Posted by: Majromax | March 19, 2018 at 08:00 AM
In your first paragraph, you define default as a failure to deliver the full money value of a committed real basket of CPI goods and services – i.e. failure to deliver full real value in the face of unexpected inflation.
In your third paragraph you seem to be defining a nominal dollar default. That make no sense for a currency issuing government, because the central bank can always buy maturing bonds. And this is supported by what you say about liquidity.
And you also say:
“In a solvency crisis the government would face a choice between defaulting on its bonds and defaulting on its commitment to not let inflation rise above 2%.”

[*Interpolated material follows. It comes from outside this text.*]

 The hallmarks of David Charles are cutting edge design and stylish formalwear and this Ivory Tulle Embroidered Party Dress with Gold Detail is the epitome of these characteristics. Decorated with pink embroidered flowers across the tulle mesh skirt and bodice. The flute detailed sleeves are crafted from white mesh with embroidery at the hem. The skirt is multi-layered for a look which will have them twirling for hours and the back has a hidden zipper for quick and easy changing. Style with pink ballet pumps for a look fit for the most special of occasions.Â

If inflation rises above 2 per cent, you have a real default by definition. So defaulting on the real value of bonds and default on the inflation commitment are the same thing. So there is no “choice”.
And nominal default is not an issue.
I still can’t make any sense of it.
Posted by: JKH | March 20, 2018 at 06:34 AM
"But a solvency crisis.............. could coincide with an excess of Aggregate Demand, where inflation threatens to rise above the 2% target."
How would that come about?
Posted by: Henry Rech | March 21, 2018 at 10:32 PM
"But a solvency crisis.............. could coincide with an excess of Aggregate Demand, where inflation threatens to rise above the 2% target."
These claims are IMO always hard to assess because the only cases this can happen is that the tax base or ability is demolished - both far fetched in the case of Canada.